Gustavo was the picture of calm but for what was left of his blush. He said, “Excuse me for a moment,” to his clients and turned to Lillian.
“Tello,” she said. “Your lawyer was useless. He offered no help at all.”
“I’d wondered,” Gustavo said, getting back to his welcome, the matter dealt with.
The judge, who was not deaf, couldn’t resist.
“It wouldn’t be the first instance,” he said to Lillian. “Useless lawyers I see by the bucketful. Enough to fill the whole of Río de la Plata so that we could walk over them to the other side.”

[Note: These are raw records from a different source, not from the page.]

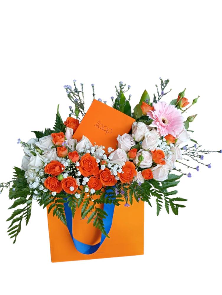 الوعاء: الباقة موضوعة في إناء زجاجي كروي الشكل، وهو تصميم عصري وأنيق. يضفي الإناء لمسة من الفخامة على الباقة ويبرز جمال الألوان الزاهية للزهور.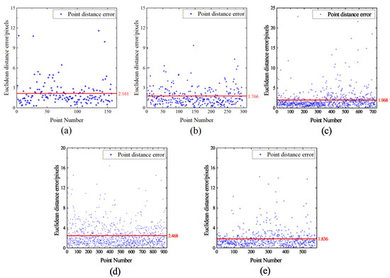 To provide a more intuitive reflection of the model’s accuracy in predicting feature points, we project the output coordinate information onto the original size image and calculate the deviation between the predicted and labeled coordinates on the original size image. For different types of weld seams, the Euclidean distance between the predicted and labeled positions is shown in Figure 15. Our model’s prediction deviation for most images is within 3 pixels, corresponding to an actual deviation of less than 0.15 mm. For a very small number of strong noise images (such as the bottom row in Figure 12), the feature points may be obscured, resulting in a relatively larger inference deviation for the model. Overall, the model achieves excellent performance in detecting feature points for different types of weld seams.
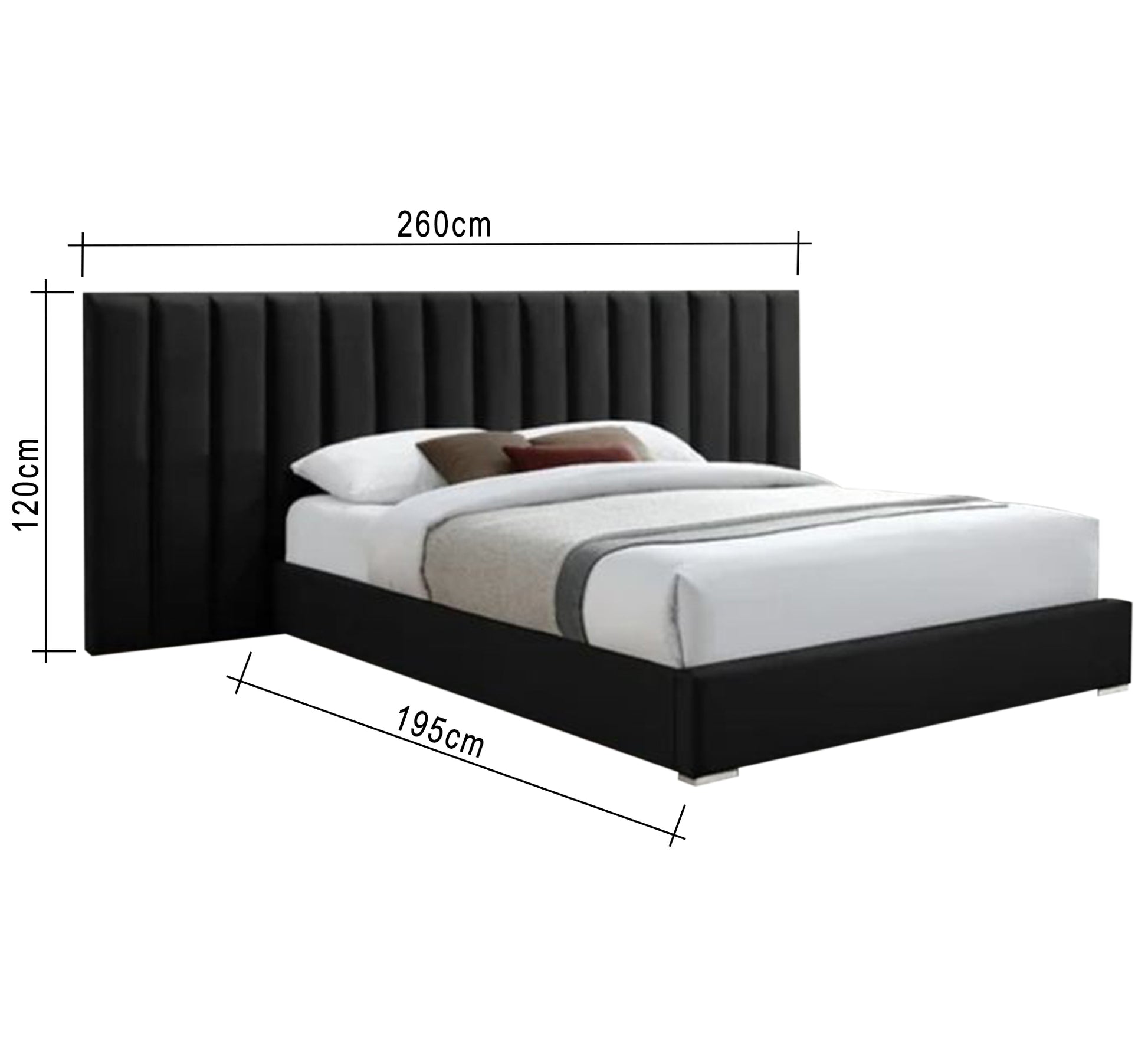 - السرير بطول 195 سم وارتفاع مسند الظهر 120 سم وبعروض مختلفة 240 و260 سم.

Gustavo laughed too loudly. The judge’s wife laughed just the right amount. Lillian and Frida pursed lips and tilted their heads in the woman’s direction. The men followed suit.
Celia Ocampo then asked, “And what happens to the most useless of the lot?” Her husband smiled and kissed her on the cheek—yes, a family routine, a set question. After the pause, he chucked Gustavo’s chin and answered. “Those are the ones who are chosen to judge.”
All laughed, Lillian too. The color began to even out in Gustavo’s cheeks, and the meeting continued in his office. Lillian and Frida sat outside at their desks. Framed through Gustavo’s doorway and on
display for the clients, it looked like just the kind of boutique business to do delicate work for a judge.